Юристу Семену Крестовникову в любом церковнославянском выражении мог почудиться оскорбительный намек. Сын дьякона нижегородского кафедрального собора, он почему-то считал для себя унизительным, постыдным быть выходцем из духовного сословия. Среди однокурсников-юристов он сеял слух, будто отец его не то помещик, не то чиновник. Нижегородцы знали эту Сенькину слабость: Крестовникова можно рассердить сущим пустяком — достаточно сказать, что он похож на своего отца.
Земляки, впрочем, видели, какие подробные он пишет домой письма, какие объемистые посылки со всякой снедью получает из дому, как аккуратно, раз в месяц, ходит на почту за денежными переводами.
С гневом дернувшись, Крестовников зашагал быстрее, чтобы обогнать Матвеева. Вытащил за шнурок из кармана пенсне, вскинул на переносицу. Он не был близорук, но пенсне — так Сенька думал — придавало ему вид утонченного интеллигента.
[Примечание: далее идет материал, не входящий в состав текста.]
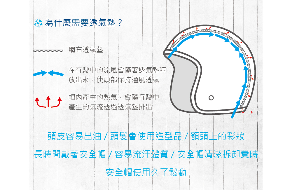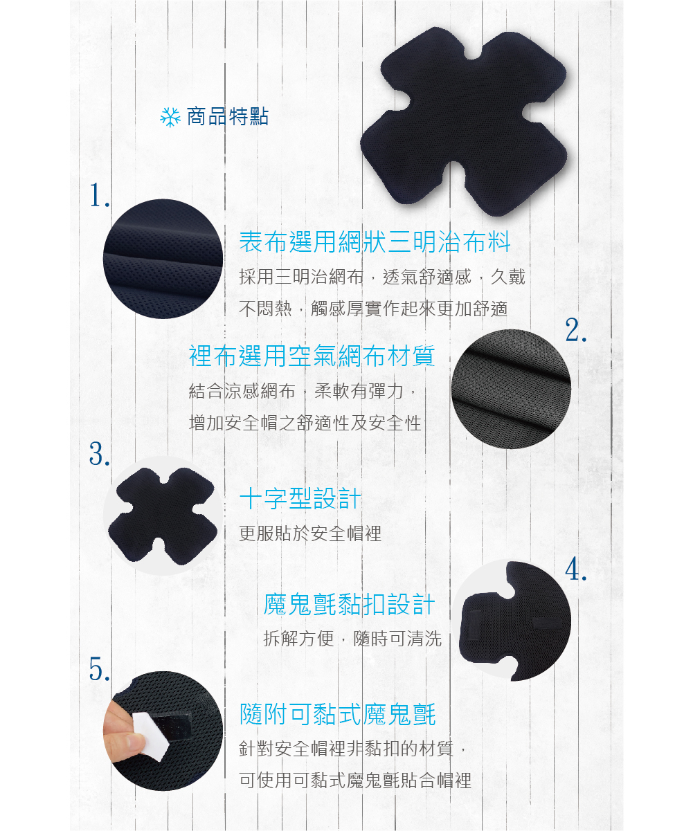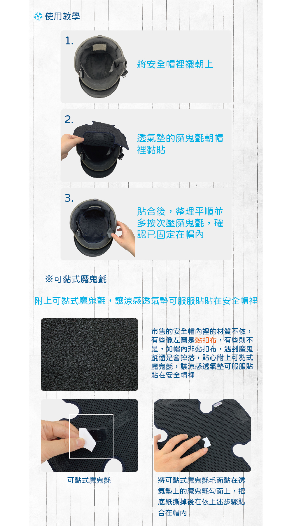 ※隨附魔鬼氈黏扣設計,因應不同材質安全帽黏貼,拆解方便隨時可清洗

Матвеев ухмыльнулся и замолчал.
Осадчий и двое незнакомых шли впереди. Порой они выбирали путь темными проходными дворами, пересекали освещенные улицы, снова входили в кромешную темноту дворов. Зберовский споткнулся сначала о какие-то камни, потом о какие-то доски — доски загрохотали падая.
— Ай, черт, куда он нас завел!
— Здесь, — сказал наконец Осадчий. — Осторожно: тут ступеньки!
Перед ними как бы выступили контуры человеческих фигур. Кто-то шепотом окликнул:
— Ты, Николай? А еще кто?
— Я, — ответил Осадчий вполголоса. — Свои и двое новых. Земляки мои. Товарищу Сорокину известно, я ручаюсь…
— Проходите! — И фигуры точно растворились во мраке.
В большом подвальном помещении оказалось людно. Пахло сосновыми стружками, у стен стояли верстаки. На верстаках, на сложенных кучей деревянных брусьях, на двух длинных скамейках разместилось с полсотни человек. Видны были куртки мастеровых, студенческие шинели. Многие курили — дым отовсюду поднимался к неярким лампочкам, к мокрой ржавчине водопроводных труб, протянутых под потолком.
Все ждали: должен прийти Глебов.
Зберовский снова очутился около Матвеева.
— Послушай, — начал он свое, усевшись. — Ты, знаешь, неправ. Ты ошибаешься.
— В чем это неправ?
— Да разве можно сомневаться? Не единым крахмалом, говоришь, люди живы. Будет сахар, будет крахмал с излишком — да сколько коров разведется, свиней! Ты возьми в толк, представь себе…
— Утопия! — буркнул Матвеев. И принялся медленно расстегивать шинель: стало жарко.
Воздух был едким от табачного дыма. Со всех сторон доносился гул разговоров.
К ним подошел Осадчий — сел на опрокинутый ящик.